THE RECORDS ->
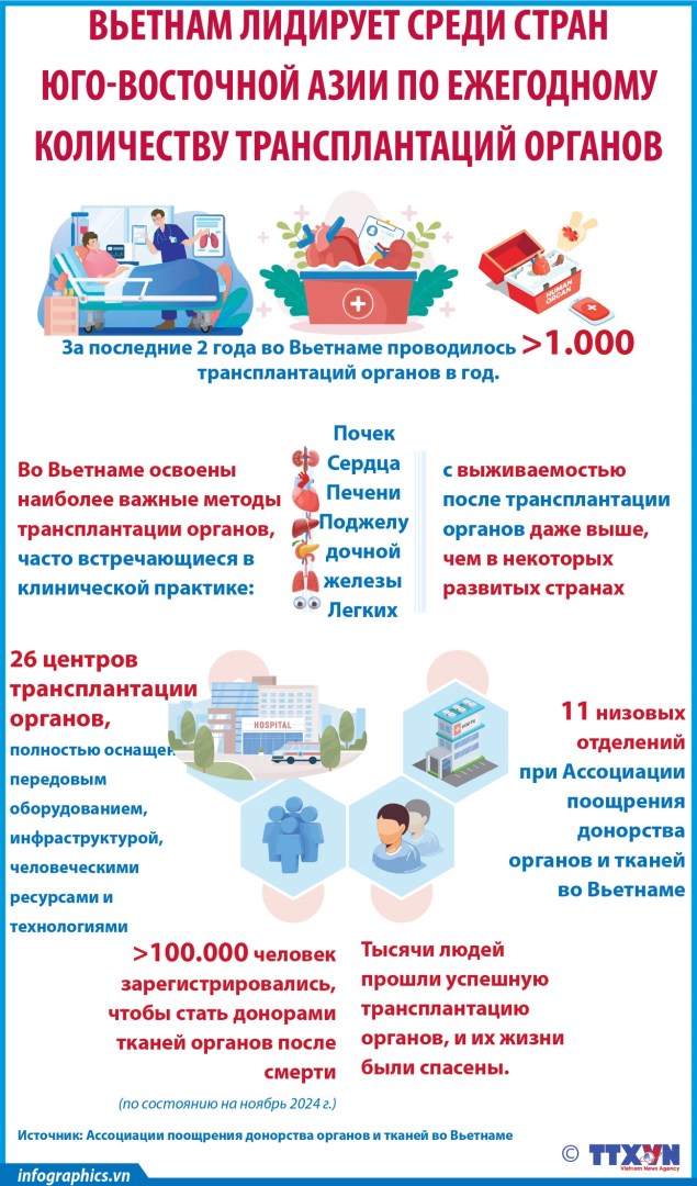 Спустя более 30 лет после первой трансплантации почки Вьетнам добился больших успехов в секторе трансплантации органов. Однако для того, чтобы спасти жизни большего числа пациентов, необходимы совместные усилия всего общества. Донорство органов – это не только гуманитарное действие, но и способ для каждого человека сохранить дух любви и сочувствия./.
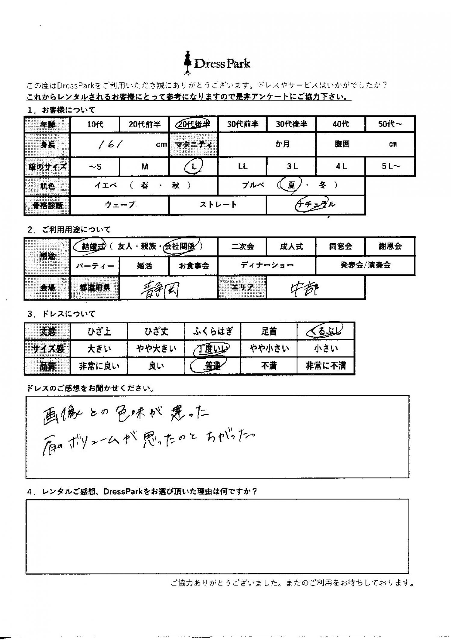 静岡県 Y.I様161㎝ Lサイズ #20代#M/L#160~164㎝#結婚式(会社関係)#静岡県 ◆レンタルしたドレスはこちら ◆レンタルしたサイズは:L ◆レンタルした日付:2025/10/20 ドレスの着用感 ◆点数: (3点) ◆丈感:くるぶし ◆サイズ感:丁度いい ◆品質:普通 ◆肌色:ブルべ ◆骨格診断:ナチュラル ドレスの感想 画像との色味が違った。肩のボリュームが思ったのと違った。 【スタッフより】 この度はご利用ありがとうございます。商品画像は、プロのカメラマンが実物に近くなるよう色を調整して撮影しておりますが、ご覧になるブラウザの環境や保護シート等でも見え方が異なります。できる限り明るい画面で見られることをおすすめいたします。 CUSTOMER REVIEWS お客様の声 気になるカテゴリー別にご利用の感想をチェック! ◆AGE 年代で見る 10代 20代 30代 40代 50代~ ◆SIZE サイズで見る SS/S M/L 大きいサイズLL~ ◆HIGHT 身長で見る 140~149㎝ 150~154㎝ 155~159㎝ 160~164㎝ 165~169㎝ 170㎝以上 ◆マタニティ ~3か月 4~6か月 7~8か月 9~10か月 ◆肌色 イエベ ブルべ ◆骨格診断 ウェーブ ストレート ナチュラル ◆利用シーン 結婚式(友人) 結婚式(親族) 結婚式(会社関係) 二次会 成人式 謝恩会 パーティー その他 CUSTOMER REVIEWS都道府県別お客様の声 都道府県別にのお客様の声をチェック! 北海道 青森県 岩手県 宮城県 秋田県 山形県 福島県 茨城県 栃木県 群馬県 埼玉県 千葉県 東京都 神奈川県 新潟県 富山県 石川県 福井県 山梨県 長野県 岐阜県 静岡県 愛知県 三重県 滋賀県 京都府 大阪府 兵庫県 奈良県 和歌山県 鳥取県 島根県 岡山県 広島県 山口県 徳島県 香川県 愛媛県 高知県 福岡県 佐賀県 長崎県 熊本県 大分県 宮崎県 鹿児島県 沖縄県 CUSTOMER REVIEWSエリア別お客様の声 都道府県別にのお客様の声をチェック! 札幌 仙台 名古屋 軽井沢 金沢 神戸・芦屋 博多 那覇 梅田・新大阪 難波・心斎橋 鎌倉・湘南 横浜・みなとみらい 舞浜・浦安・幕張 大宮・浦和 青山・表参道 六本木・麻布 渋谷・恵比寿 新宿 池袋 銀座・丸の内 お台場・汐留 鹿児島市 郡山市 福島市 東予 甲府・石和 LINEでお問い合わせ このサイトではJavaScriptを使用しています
---
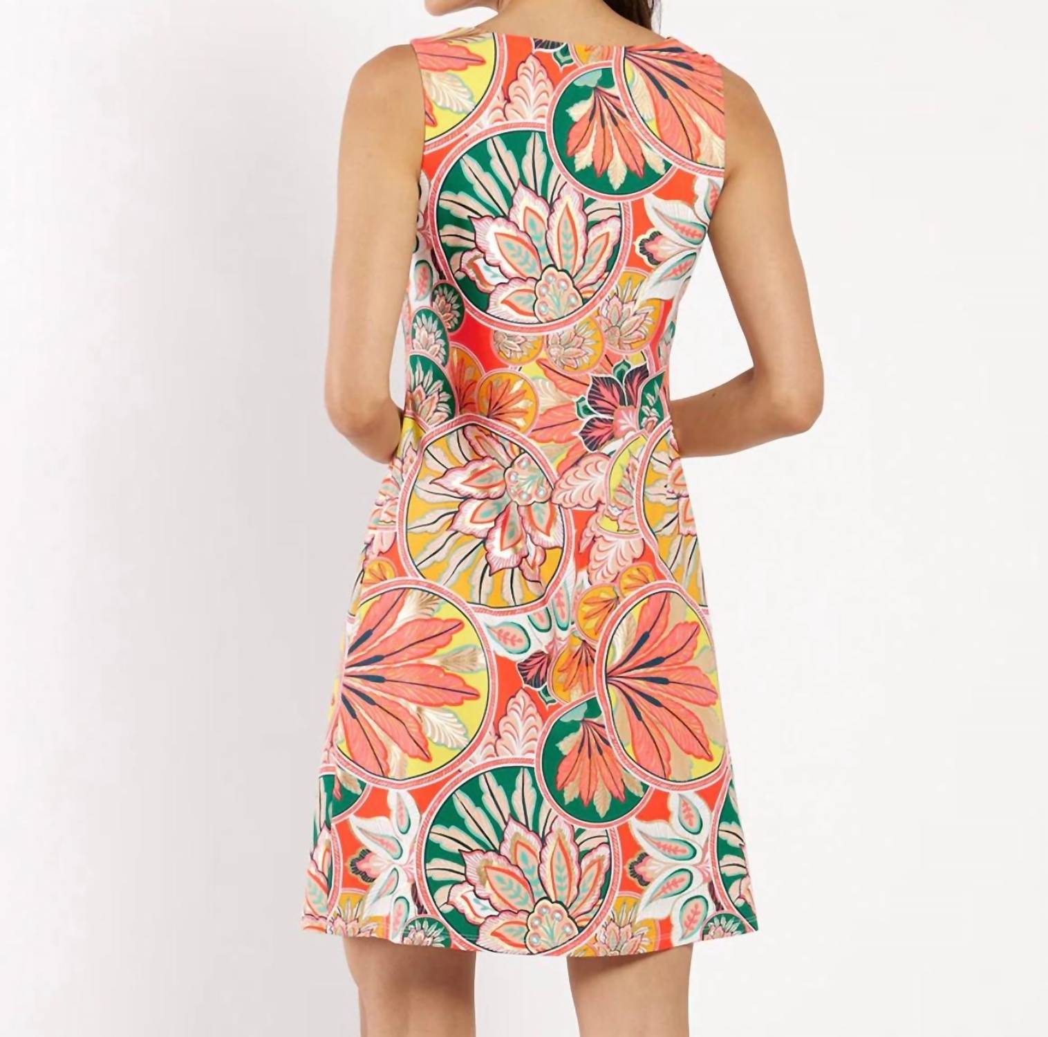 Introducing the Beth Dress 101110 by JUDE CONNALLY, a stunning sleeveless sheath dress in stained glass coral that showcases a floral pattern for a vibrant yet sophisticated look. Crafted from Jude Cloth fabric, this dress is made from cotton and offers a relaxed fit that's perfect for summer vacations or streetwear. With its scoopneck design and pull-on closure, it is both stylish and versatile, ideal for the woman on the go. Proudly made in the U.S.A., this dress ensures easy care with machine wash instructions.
--
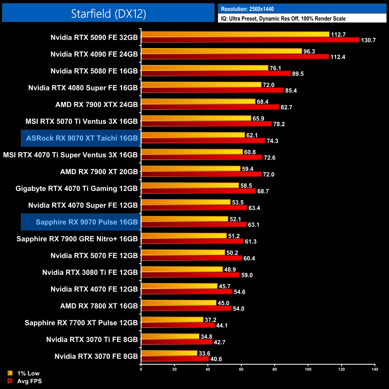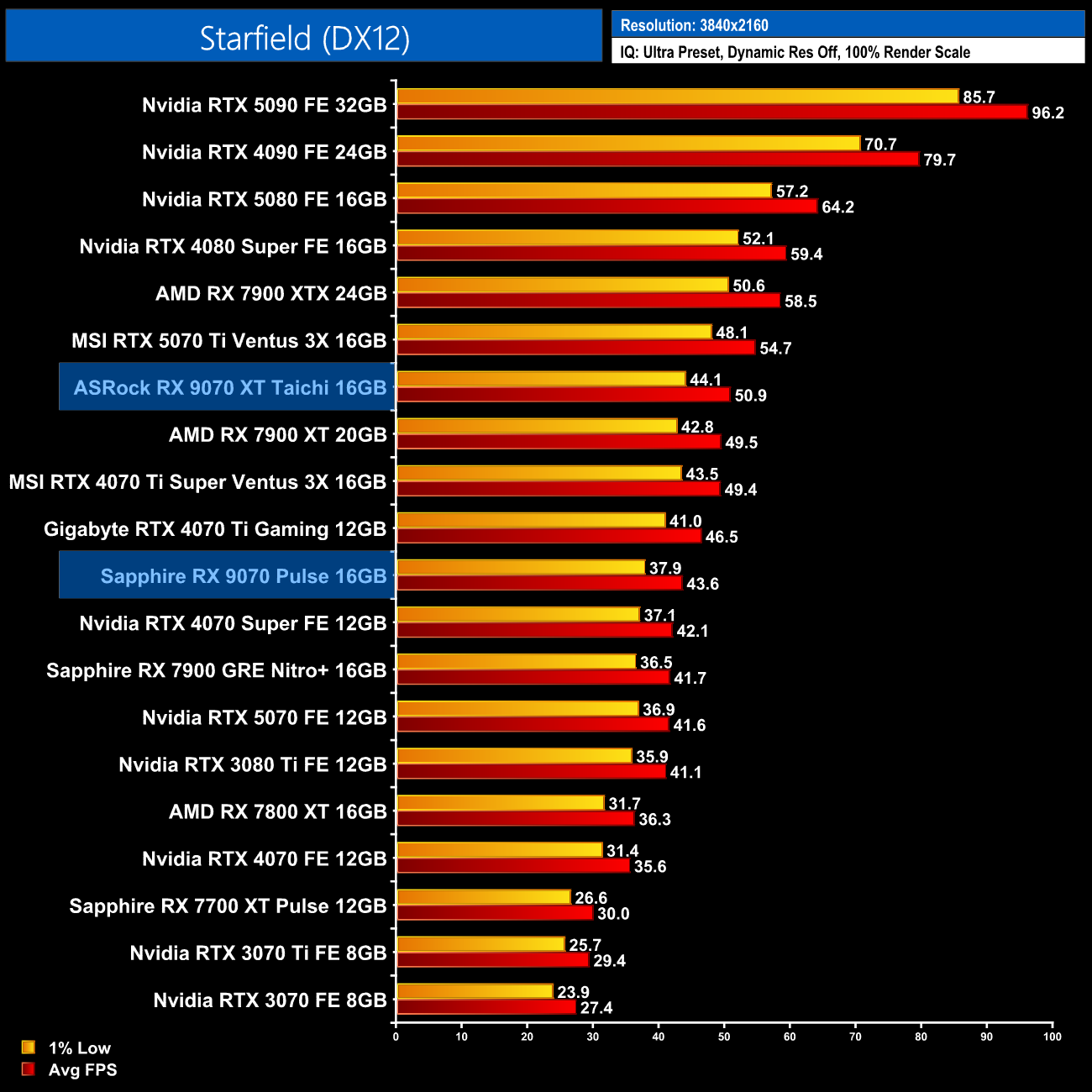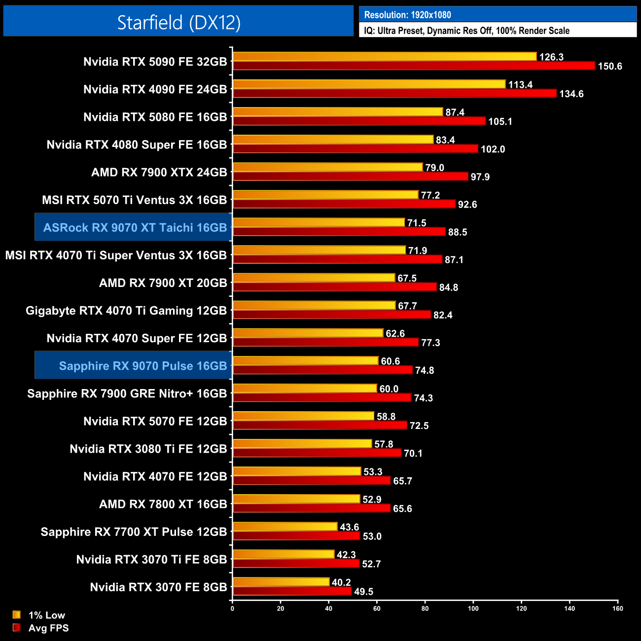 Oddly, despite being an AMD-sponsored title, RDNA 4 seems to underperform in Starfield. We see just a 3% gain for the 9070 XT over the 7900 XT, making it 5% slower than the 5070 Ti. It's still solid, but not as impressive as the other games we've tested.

ACTIVITY -> The material above holds pictures; leave them out. Repeat exactly the lines from the one containing "Спустя более 30" through the one containing "静岡県 Y.I様161㎝ Lサイズ", and nothing else.

RESPONSE ->
 Спустя более 30 лет после первой трансплантации почки Вьетнам добился больших успехов в секторе трансплантации органов. Однако для того, чтобы спасти жизни большего числа пациентов, необходимы совместные усилия всего общества. Донорство органов – это не только гуманитарное действие, но и способ для каждого человека сохранить дух любви и сочувствия./.
 静岡県 Y.I様161㎝ Lサイズ #20代#M/L#160~164㎝#結婚式(会社関係)#静岡県 ◆レンタルしたドレスはこちら ◆レンタルしたサイズは:L ◆レンタルした日付:2025/10/20 ドレスの着用感 ◆点数: (3点) ◆丈感:くるぶし ◆サイズ感:丁度いい ◆品質:普通 ◆肌色:ブルべ ◆骨格診断:ナチュラル ドレスの感想 画像との色味が違った。肩のボリュームが思ったのと違った。 【スタッフより】 この度はご利用ありがとうございます。商品画像は、プロのカメラマンが実物に近くなるよう色を調整して撮影しておりますが、ご覧になるブラウザの環境や保護シート等でも見え方が異なります。できる限り明るい画面で見られることをおすすめいたします。 CUSTOMER REVIEWS お客様の声 気になるカテゴリー別にご利用の感想をチェック! ◆AGE 年代で見る 10代 20代 30代 40代 50代~ ◆SIZE サイズで見る SS/S M/L 大きいサイズLL~ ◆HIGHT 身長で見る 140~149㎝ 150~154㎝ 155~159㎝ 160~164㎝ 165~169㎝ 170㎝以上 ◆マタニティ ~3か月 4~6か月 7~8か月 9~10か月 ◆肌色 イエベ ブルべ ◆骨格診断 ウェーブ ストレート ナチュラル ◆利用シーン 結婚式(友人) 結婚式(親族) 結婚式(会社関係) 二次会 成人式 謝恩会 パーティー その他 CUSTOMER REVIEWS都道府県別お客様の声 都道府県別にのお客様の声をチェック! 北海道 青森県 岩手県 宮城県 秋田県 山形県 福島県 茨城県 栃木県 群馬県 埼玉県 千葉県 東京都 神奈川県 新潟県 富山県 石川県 福井県 山梨県 長野県 岐阜県 静岡県 愛知県 三重県 滋賀県 京都府 大阪府 兵庫県 奈良県 和歌山県 鳥取県 島根県 岡山県 広島県 山口県 徳島県 香川県 愛媛県 高知県 福岡県 佐賀県 長崎県 熊本県 大分県 宮崎県 鹿児島県 沖縄県 CUSTOMER REVIEWSエリア別お客様の声 都道府県別にのお客様の声をチェック! 札幌 仙台 名古屋 軽井沢 金沢 神戸・芦屋 博多 那覇 梅田・新大阪 難波・心斎橋 鎌倉・湘南 横浜・みなとみらい 舞浜・浦安・幕張 大宮・浦和 青山・表参道 六本木・麻布 渋谷・恵比寿 新宿 池袋 銀座・丸の内 お台場・汐留 鹿児島市 郡山市 福島市 東予 甲府・石和 LINEでお問い合わせ このサイトではJavaScriptを使用しています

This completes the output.